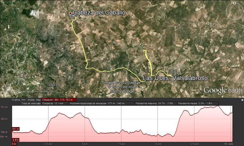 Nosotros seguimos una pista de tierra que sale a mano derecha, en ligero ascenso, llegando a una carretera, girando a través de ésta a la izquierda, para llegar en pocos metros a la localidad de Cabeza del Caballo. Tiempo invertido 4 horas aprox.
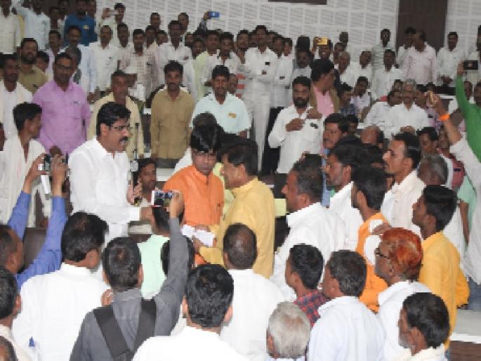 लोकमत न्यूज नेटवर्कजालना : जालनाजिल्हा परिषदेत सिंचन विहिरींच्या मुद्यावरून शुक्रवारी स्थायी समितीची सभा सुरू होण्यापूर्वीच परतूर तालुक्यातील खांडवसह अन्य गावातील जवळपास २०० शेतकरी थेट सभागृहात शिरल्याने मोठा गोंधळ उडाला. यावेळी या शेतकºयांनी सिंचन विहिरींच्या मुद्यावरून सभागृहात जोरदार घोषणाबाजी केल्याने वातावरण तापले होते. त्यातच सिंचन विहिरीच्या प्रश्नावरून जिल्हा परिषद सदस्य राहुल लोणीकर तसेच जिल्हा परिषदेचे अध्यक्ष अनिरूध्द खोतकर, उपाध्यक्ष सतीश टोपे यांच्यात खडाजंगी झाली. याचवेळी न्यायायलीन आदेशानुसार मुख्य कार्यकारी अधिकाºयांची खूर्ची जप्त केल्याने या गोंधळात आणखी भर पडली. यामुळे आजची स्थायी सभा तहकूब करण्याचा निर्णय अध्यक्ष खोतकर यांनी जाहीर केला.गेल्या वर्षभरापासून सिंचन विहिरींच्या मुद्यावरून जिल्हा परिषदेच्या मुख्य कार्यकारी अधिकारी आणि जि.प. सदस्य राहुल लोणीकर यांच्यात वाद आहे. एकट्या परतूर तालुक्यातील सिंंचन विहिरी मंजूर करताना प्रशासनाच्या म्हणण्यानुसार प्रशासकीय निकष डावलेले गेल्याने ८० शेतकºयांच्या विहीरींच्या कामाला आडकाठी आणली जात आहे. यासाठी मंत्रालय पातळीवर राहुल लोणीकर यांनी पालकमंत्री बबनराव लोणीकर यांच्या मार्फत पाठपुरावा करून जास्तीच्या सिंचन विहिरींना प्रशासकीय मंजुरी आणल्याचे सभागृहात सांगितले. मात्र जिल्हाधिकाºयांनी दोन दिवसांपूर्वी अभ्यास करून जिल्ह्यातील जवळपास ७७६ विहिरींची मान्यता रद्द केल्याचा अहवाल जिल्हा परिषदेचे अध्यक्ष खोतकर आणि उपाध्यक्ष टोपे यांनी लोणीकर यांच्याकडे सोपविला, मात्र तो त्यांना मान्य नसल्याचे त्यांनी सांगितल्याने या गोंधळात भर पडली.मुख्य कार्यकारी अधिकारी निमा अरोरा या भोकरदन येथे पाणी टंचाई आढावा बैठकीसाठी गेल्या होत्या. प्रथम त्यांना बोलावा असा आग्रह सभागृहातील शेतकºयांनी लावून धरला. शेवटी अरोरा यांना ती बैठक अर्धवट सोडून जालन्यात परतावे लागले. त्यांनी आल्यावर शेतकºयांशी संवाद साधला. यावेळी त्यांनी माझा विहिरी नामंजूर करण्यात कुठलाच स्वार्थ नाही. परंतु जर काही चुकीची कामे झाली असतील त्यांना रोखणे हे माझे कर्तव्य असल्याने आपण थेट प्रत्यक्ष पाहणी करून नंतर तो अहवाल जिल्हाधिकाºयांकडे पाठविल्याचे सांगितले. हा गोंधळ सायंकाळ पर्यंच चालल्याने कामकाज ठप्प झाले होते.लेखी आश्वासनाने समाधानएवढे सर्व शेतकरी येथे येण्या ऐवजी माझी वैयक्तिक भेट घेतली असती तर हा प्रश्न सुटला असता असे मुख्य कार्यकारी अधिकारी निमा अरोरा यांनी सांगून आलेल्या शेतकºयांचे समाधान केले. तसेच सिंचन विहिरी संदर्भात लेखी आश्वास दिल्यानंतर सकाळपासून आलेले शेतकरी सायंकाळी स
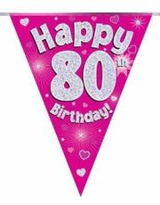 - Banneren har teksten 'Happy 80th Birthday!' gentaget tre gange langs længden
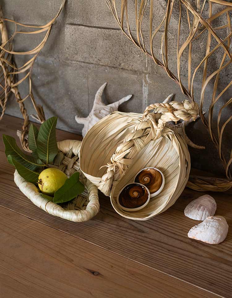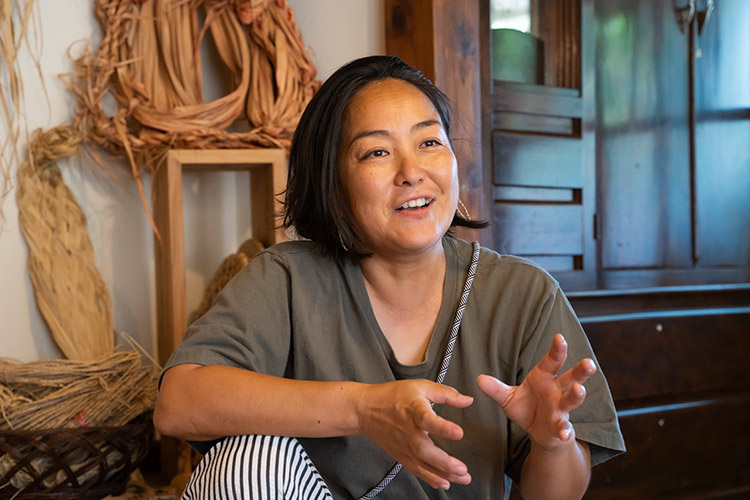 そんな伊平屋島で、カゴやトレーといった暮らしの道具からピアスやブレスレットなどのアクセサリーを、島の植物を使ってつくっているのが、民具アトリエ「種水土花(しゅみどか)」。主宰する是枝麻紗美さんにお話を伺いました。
---
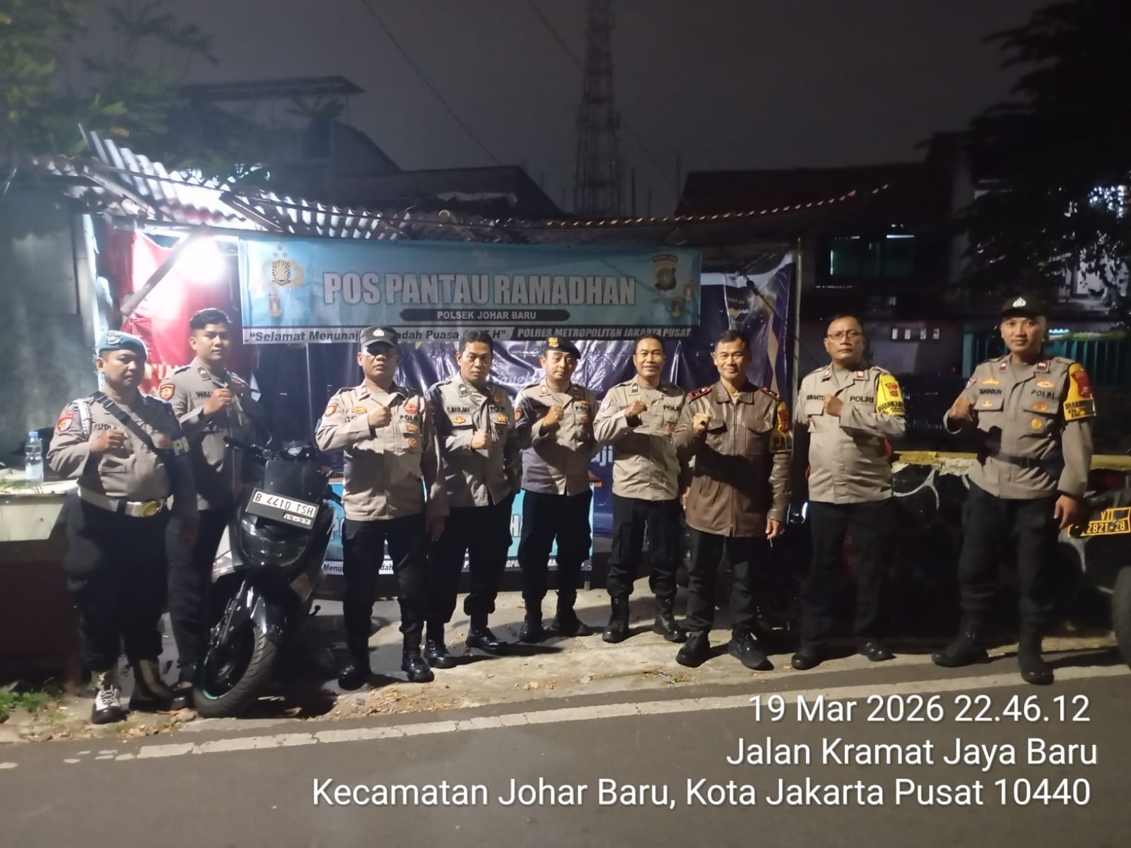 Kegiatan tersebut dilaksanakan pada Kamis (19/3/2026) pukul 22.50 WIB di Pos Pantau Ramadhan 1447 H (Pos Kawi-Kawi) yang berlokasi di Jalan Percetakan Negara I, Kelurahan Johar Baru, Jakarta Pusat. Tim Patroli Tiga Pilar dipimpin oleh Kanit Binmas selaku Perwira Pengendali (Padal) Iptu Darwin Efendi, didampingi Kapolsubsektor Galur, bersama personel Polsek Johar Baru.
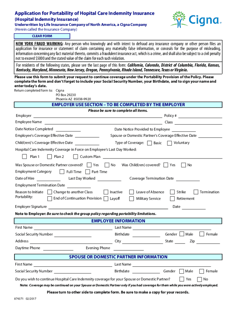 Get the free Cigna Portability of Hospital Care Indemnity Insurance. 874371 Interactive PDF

▶ **Task brief**:
Pictures excluded, transcribe the listing above exactly from the line with "Kegiatan tersebut dilaksanakan" through the line with "Get the free", and no further.

▶ **Completed task**:
 Kegiatan tersebut dilaksanakan pada Kamis (19/3/2026) pukul 22.50 WIB di Pos Pantau Ramadhan 1447 H (Pos Kawi-Kawi) yang berlokasi di Jalan Percetakan Negara I, Kelurahan Johar Baru, Jakarta Pusat. Tim Patroli Tiga Pilar dipimpin oleh Kanit Binmas selaku Perwira Pengendali (Padal) Iptu Darwin Efendi, didampingi Kapolsubsektor Galur, bersama personel Polsek Johar Baru.
 Get the free Cigna Portability of Hospital Care Indemnity Insurance. 874371 Interactive PDF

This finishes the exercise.